AVDNet: A Small-Sized Vehicle Detection Network for Aerial Visual Data
This work addresses the challenge of small vehicle detection in aerial surveillance, which is important for applications like traffic monitoring and security, but it appears incremental as it builds on existing detection frameworks with specific enhancements.
The paper tackled the problem of detecting small vehicles in aerial images by proposing AVDNet, a one-stage detection network that uses ConvRes residual blocks and enlarged feature maps to improve feature representation for small objects, achieving significant performance improvements in mAP, computation, and space complexity over state-of-the-art methods.

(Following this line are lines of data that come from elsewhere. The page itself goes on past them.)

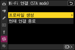 카메라: 네트워크 메뉴의 [스마트 장치로 연결] > [Wi-Fi 연결 (STA mode)]을 선택한 다음 [프로파일 생성]을 선택하고 J를 누릅니다.
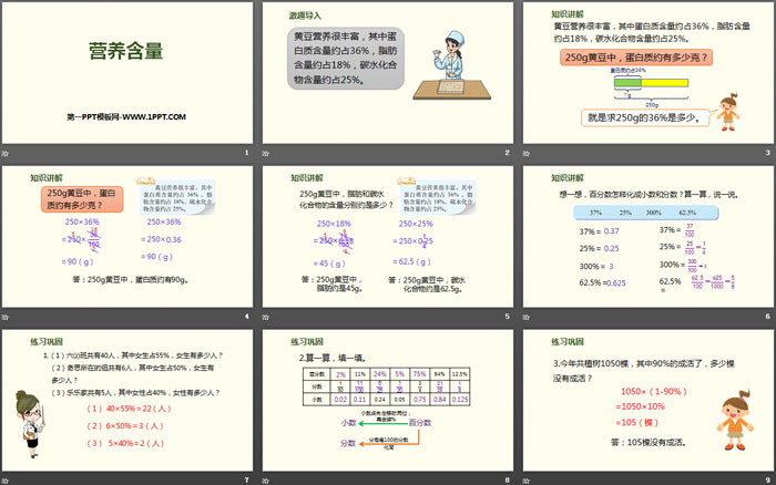 关键词:北师大版六年级上册数学PPT课件免费下载,营养含量PPT下载,百分数PPT下载,.PPT格式;
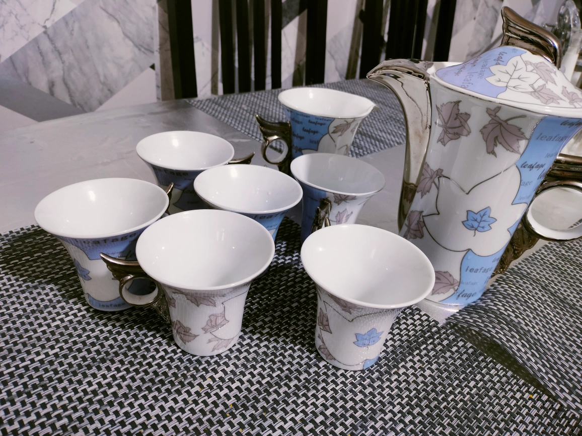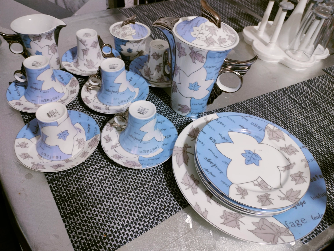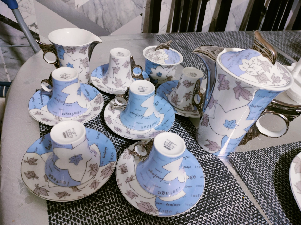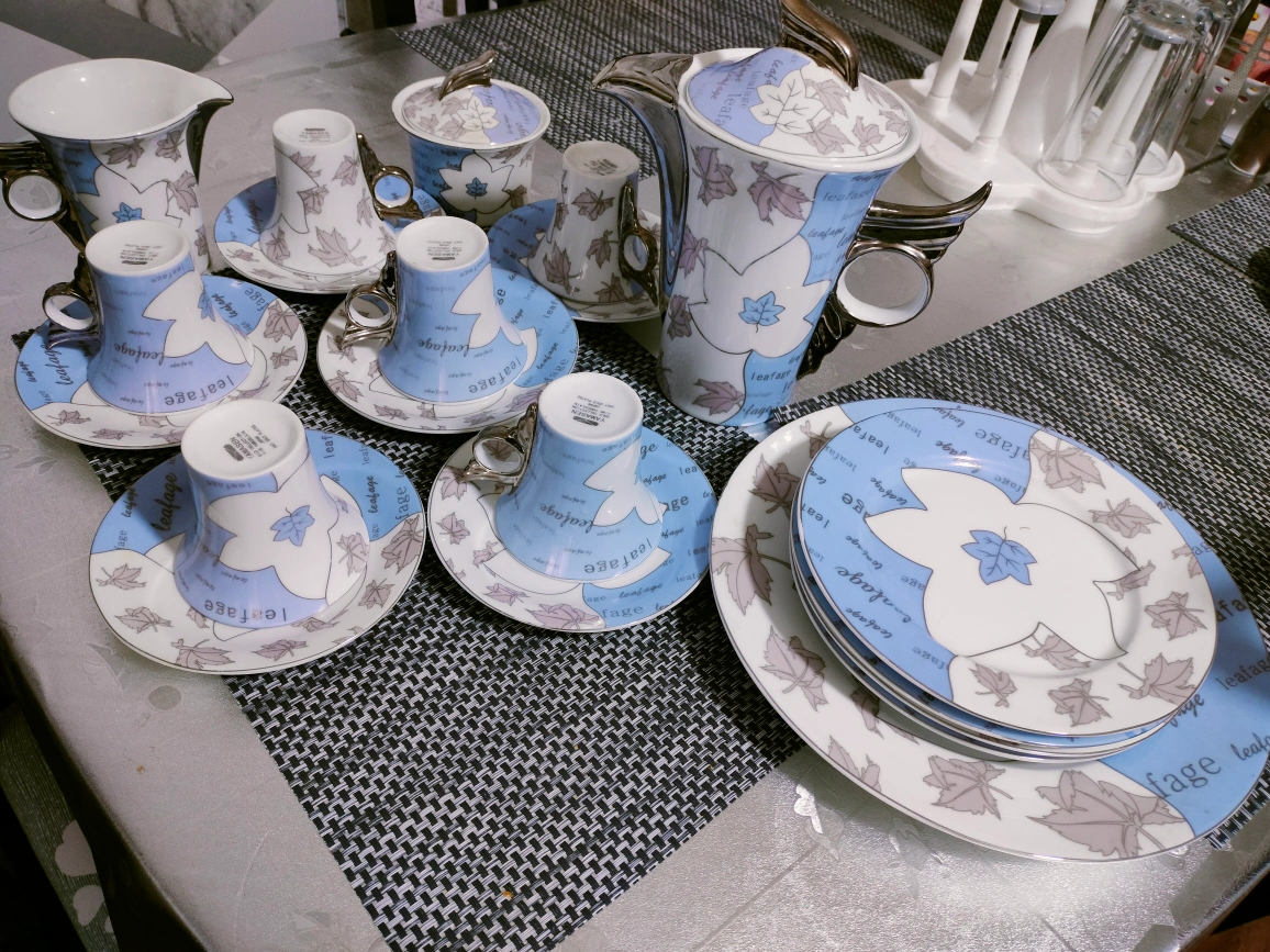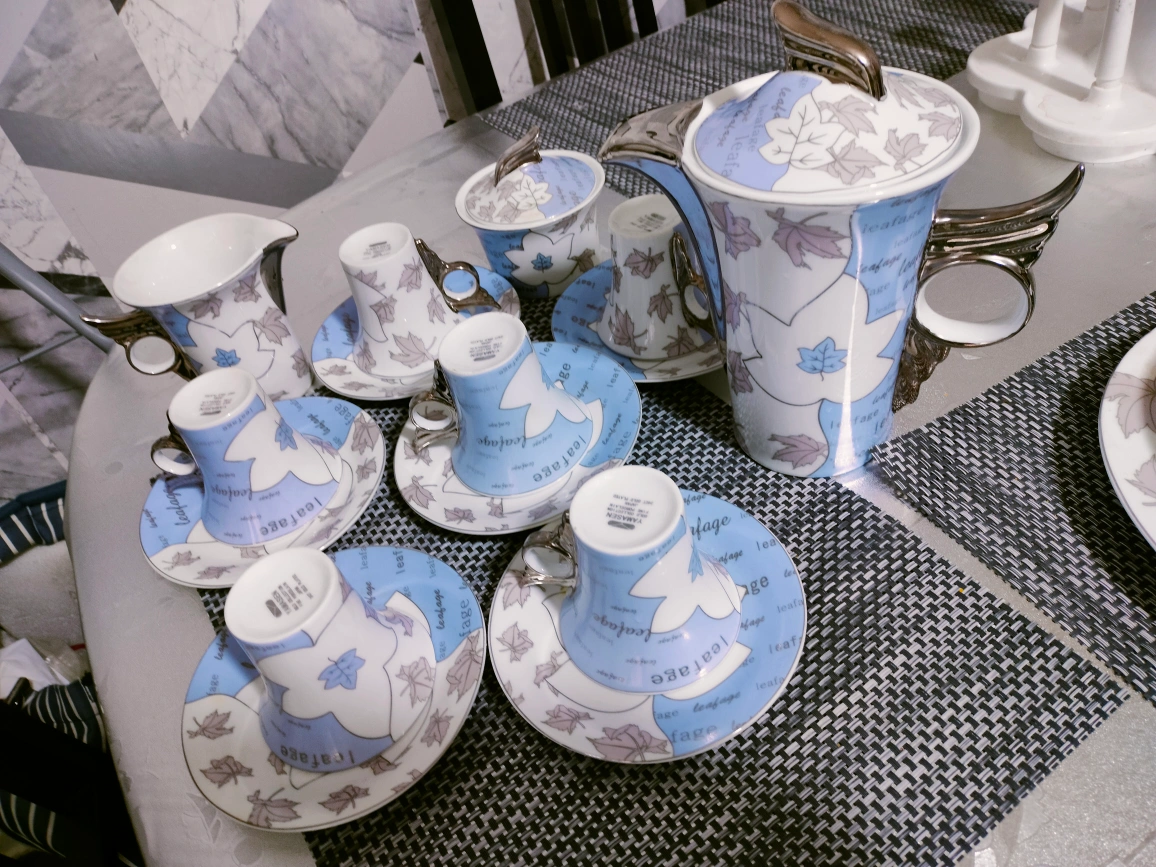 0 reviewsBeautiful coffee set, six cups and saucers, teapot, milk jug and sugar bowl. Leaf pattern, blue and grey tones. Silver detailing on handles and teapot spout. Looks unused.

Detection of small-sized targets in aerial views is a challenging task due to the smallness of vehicle size, complex background, and monotonic object appearances. In this letter, we propose a one-stage vehicle detection network (AVDNet) to robustly detect small-sized vehicles in aerial scenes. In AVDNet, we introduced ConvRes residual blocks at multiple scales to alleviate the problem of vanishing features for smaller objects caused because of the inclusion of deeper convolutional layers. These residual blocks, along with enlarged output feature map, ensure the robust representation of the salient features for small sized objects. Furthermore, we proposed a recurrent-feature aware visualization (RFAV) technique to analyze the network behavior. We also created a new airborne image data set (ABD) by annotating 1396 new objects in 79 aerial images for our experiments. The effectiveness of AVDNet is validated on VEDAI, DLR- 3K, DOTA, and the combined (VEDAI, DLR-3K, DOTA, and ABD) data set. Experimental results demonstrate the significant performance improvement of the proposed method over state-of-the-art detection techniques in terms of mAP, computation, and space complexity.